Alors après tant de logorrhées nuisibles, il est temps de se poser un peu et de se contraindre à aborder les problématiques civilisationelles en cours différemment… avec sagesse, à travers la rigueur de la réflexion intellectuelle qui permet de poser des questions nécessaires pour lever les voiles sur les diverses propagandes politiques dangereuses et qui mènent inexorablement l’humanité à sa perte.

Les intellectuels ont en effet cette responsabilité de poser les bonnes questions et de proposer des analyses éclairantes basées, non sur des élucubrations sorties de leur boite crânienne, mais sur des analyses rigoureuses des systèmes symboliques avec lesquels les hommes vivent depuis la nuit des temps.

Après lecture, libre à chaque lecteur d’adhérer ou non aux conclusions de ces analyses proposées… car en être libre, ce dernier est lui-même en action avec sa propre raison pour décider s’il peut, s'il veut adhérer ou non aux dites conclusions qui lui auront été proposées avec sagesse.

Le CCY

Introduction

I - Le piège du nihilisme raisonné

L'Islam est demeuré une civilisation principalement religieuse, l'Occident est devenu une civilisation essentiellement scientifique et philosophique. L'avenir de l'intelligence mondiale dépend des relations que ces deux modèles d'encéphales entretiendront entre eux tout au long d'un siècle de transition - le nôtre. Si l'Islam et l'Occident devaient persévérer à camper sur leurs territoires respectifs, le simianthrope deviendrait une espèce irrémédiablement dichotomisée par la scission de sa boîte osseuse entre le savoir expérimental, d'un côté, qui rendra le monde faussement intelligible, et le rêve théologique, de l'autre, lequel tente depuis des millénaires d'affubler le cosmos d'une signification ridiculement anthropocentrique.

Mais dans le cas où le genre humain continuerait d'osciller entre l'illusion religieuse et le mutisme des sciences, il n'y aura jamais de civilisation unifiante et en marche sur tous les fronts, puisque les sciences dites humaines cesseront de tenter de décrypter les secrets de la double subjectivité collective qui pilote les évadés de la zoologie. Alors, non seulement les mythes religieux s'obstineront à camper sur leurs positions et refuseront de jamais apprendre à se connaître elles-mêmes, mais elles s'interdiront également de commettre le sacrilège opposé, celui de prendre l'offensive et de décoder la subjectivité cachée, qui commande les constructions théoriques de la science.

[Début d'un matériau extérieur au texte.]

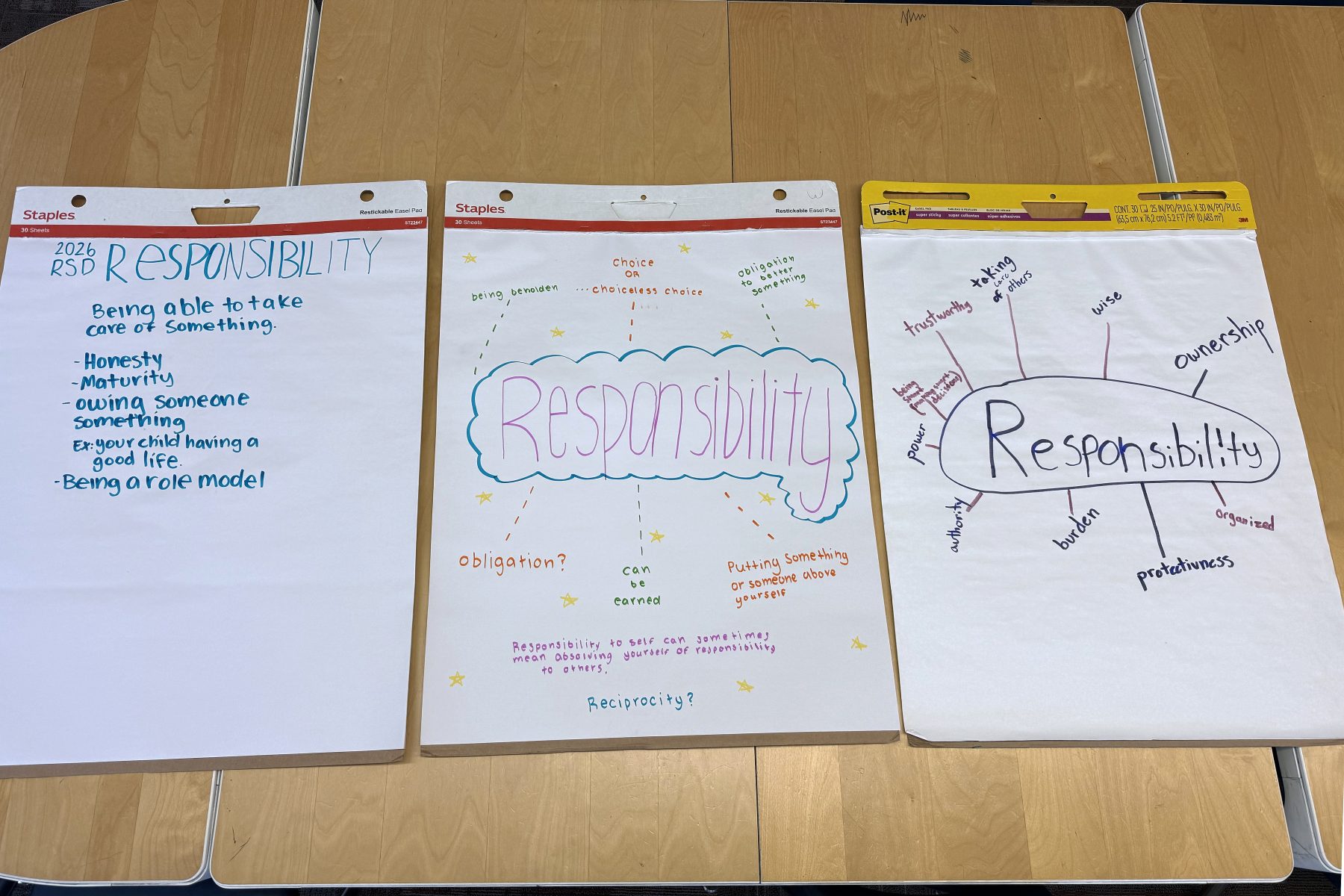 This first session tasks students with dreaming big; first about their own futures – what they believe they want for themselves and what seems to be important to them. We then moved to interrogate those desires further: digging into the “why” behind those wants. After that, we touched on responsibility – it’s definition and how it impacts our decisions.

Car les huissiers de la nature chapeautent leurs constats de la volubilité imaginaire qu'ils attribuent aux routines de la matière. Ce blocage biface du "Connais-toi" témoigne d'une naïveté commune aux deux camps et conduira nécessairement l'humanisme mondial à une stérilité asphyxiante, puisque l'anthropopithèque renoncera à éclairer des feux de sa raison ses épouvantes les plus irraisonnées et ses exorcismes les plus originels.

II - Le retour de Socrate

Si les théologies et les théories scientifiques se révèlent toutes deux des ensorcellements du cosmos qui s'ignorent en tant qu'exorcismes un gouffre plus effrayant encore attend les évadés susdits de la zoologie, celui-là même qu'un spéléologue athénien découvrit il y a vingt-cinq siècles. Car cet audacieux disait à la fois que l'ignorance est la source de tous les maux et qu'il est impossible de jamais la vaincre, mais qu'il est du moins à notre portée de la connaître en tant que telle et de dénoncer les ruses et les recettes qui permettent non seulement à sa majesté, l'illusion, de se convaincre de posséder le savoir, mais en outre de se donner l'illusion de construire des preuves légitimantes, alors que celles-ci tirent de leur raisonnements mêmes d'ignorants leurs prétendues démonstrations de la " vérité ".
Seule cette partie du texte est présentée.